И вот тогда и началась его пляска! Макабрическая полька! Последний скачок! К новому небу! К новой земле! Он не мог ничего придумать! Ничего нового! Как немой! Он не мог ничего высказать! Ничего. Только мычал. Мээээ! Только мычание! Это было крушение его корабля!.. Он предчувствовал гибель! Как бараний вожак. Он чувствовал дыхание катастрофы! Дыхание океана, куда всех нас вывалили! Иногда он на нас с Ольгой так смотрел! Я не вру! Это действительно была любовь! Любовь утопленника к живым. К нам, стоящим на берегу! Он становился одиноким, как мертвец. Таким спокойным! Меланхоличным. Нежным. Он замирал в самый разгар своей пляски. На самом пике.
Он казался недоступным. К нему невозможно было подойти! Он замирал, как богомол.
Сливался сам с собой! На секунду. На две. Склонив голову. Прислушиваясь. И снова пускался в этот дикий пляс!

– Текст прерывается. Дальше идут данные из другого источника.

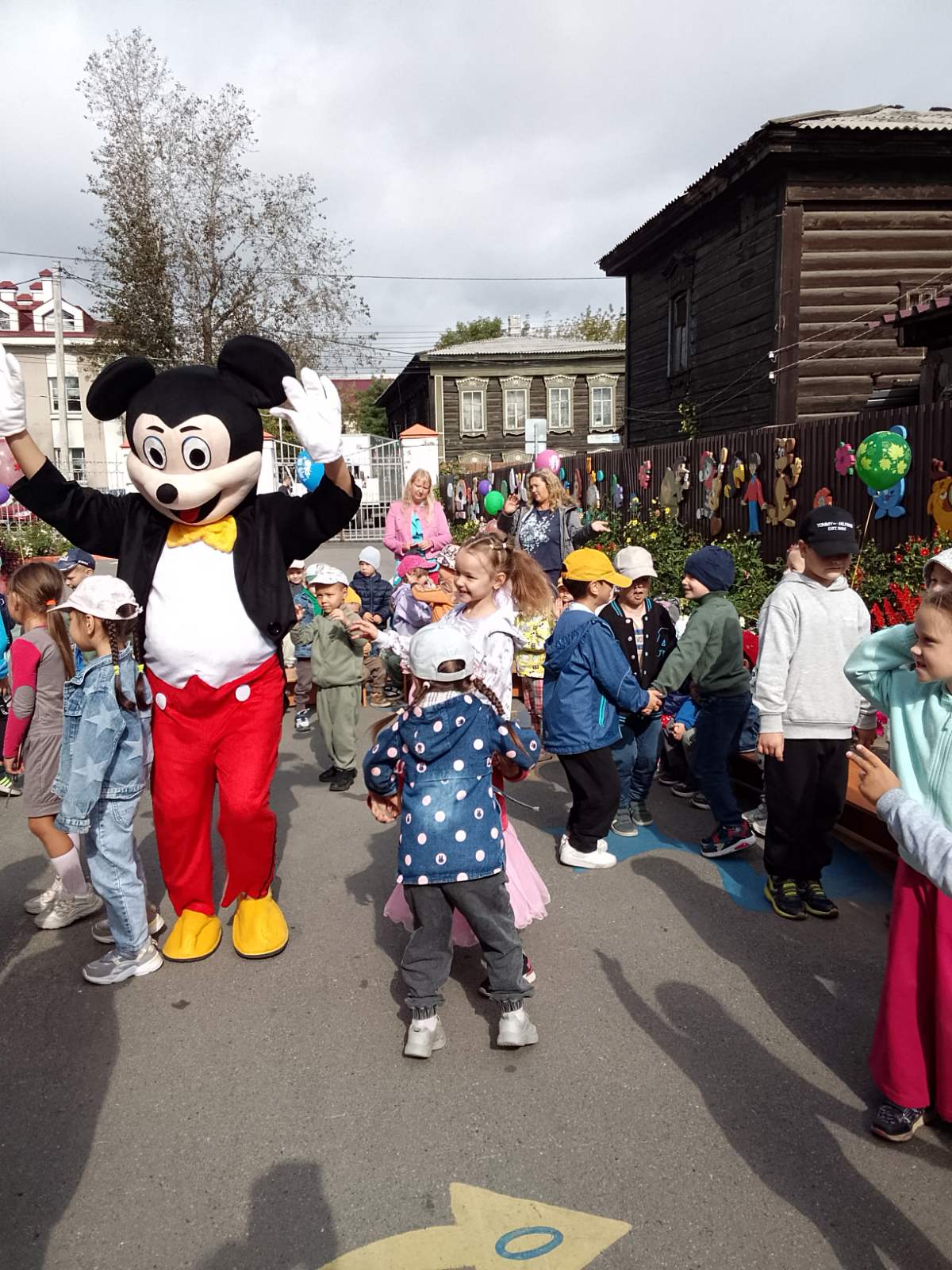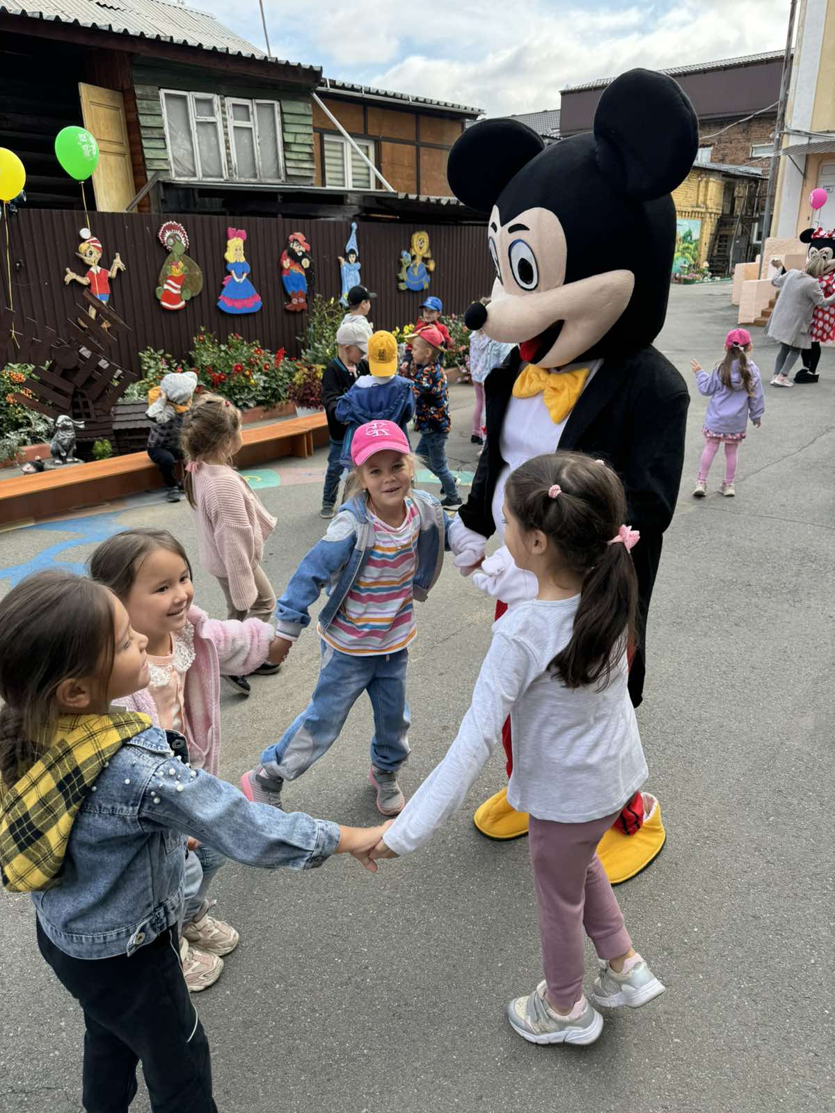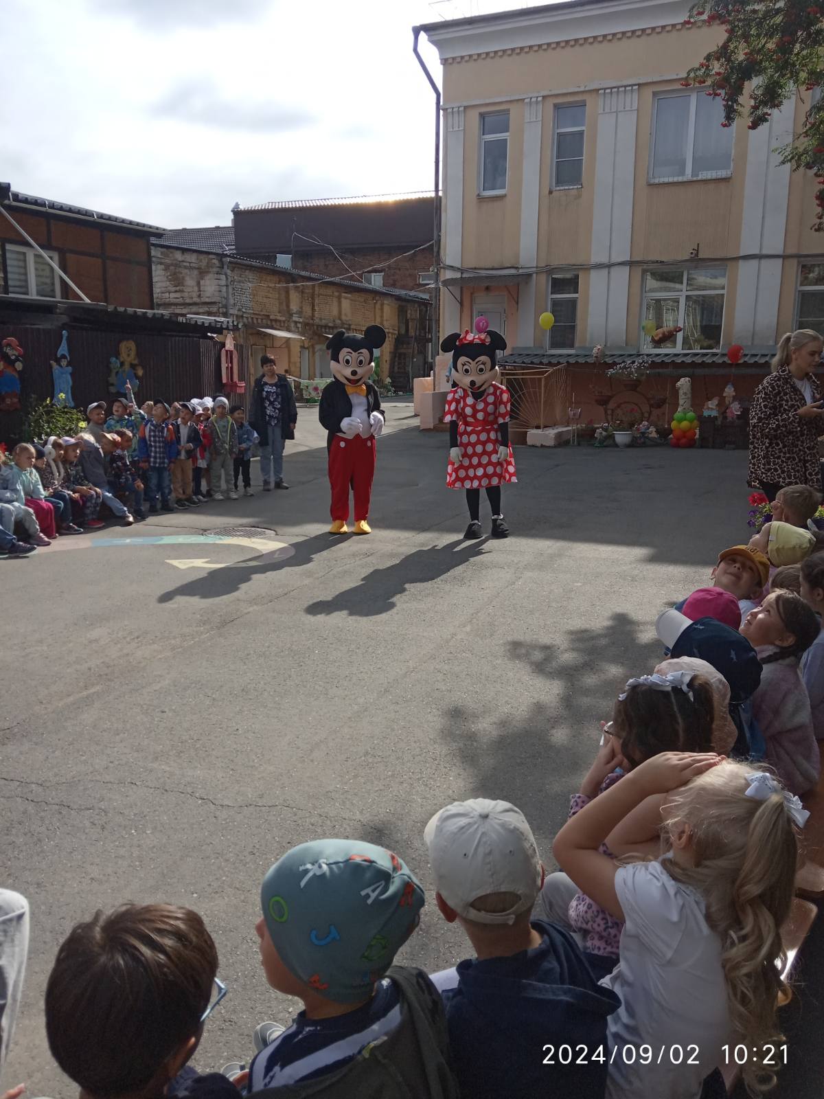 К детям в гости пришли весёлый Микки Маус и Минни Маус. Они играли с детьми в игры, танцевали, читали стихи про День Знаний, веселились.

Он ощупывал себя, как цыган корову! Засовывал в себя руки! Шарил по себе, как по карманам! Лихорадочно. «Куда она подевалась! — Он искал свою смерть! Малейшие признаки! — Где она спряталась! Откуда она появится! С какой стороны! Куда она делась!» Он хмурился!
Носился по своим венам, как очумевший фагоцит! Как отбившийся от стаи гамлет-фагоцит!
«Где печень? Здесь? А? Нет! Здесь? У нас у всех в роду больная печень! От бабки! У нее она была как кирпич! Серьезно! Когда она уже не вставала, печень торчала! Как будто она спрятала кирпич под сорочку! Как будто это был просто предмет! И легкие! То же самое! Слабое место! Только два слабых места! Награда! Генетика! Все подыхали от цирроза! Или рак! Проклятый рак! Сначала кашель! Правильно? Нет, я спрашиваю, кашель сначала?! А боли потом! У меня нет! Кашель — это ерунда! Боли! Только
боли! Я знаю! Все я знаю про себя! И где легкие, тоже знаю! Я их чувствую! Они как тряпки! Как две половые тряпки! Чем мы дышим! Я спрашиваю! Чем?! По утрам они во мне ворочаются! Они скрипят! Скрежещут вот здесь! Это кошмар! Я молчу! Не жалуюсь! Кто-нибудь слышал от меня хоть звук? Хоть одно слово? Никто? Я брошу курить... Брошу-брошу... Могу поспорить! На что? На сколько? Да за эти деньги даже рукава от лифчика не купишь! Вы что, смеетесь? Прощелыги! Ха-ха!.. »И он снова взлетал в этой пляске! Снова и снова! Все дальше! Кружась все быстрей и быстрее! Он пел, как жаворонок. Все выше и выше! Отдаляясь от нас. Еще немного, и он станет точкой! Точкой в небе! А мы разинув рты смотрели на его пляску. На его агонию. Она была такая быстрая! Такое медленно бесконечное мгновение! Теперь это будет — всю жизнь. До самого конца.
А кроссворды?! Даже они подводили! Все сговорились вокруг! Весь мир был повязан! И все против него! Чтоб ему больней было! От этого гамлета не было покоя даже воробьям! Они не успевали присесть, как он вылетал на крыльцо с очками наперевес и газетой. Руки у него были заняты, но это была ерунда! Он умудрялся все равно хвататься за голову! Я бы не удивился, если б он схватился ногами! С такого станется!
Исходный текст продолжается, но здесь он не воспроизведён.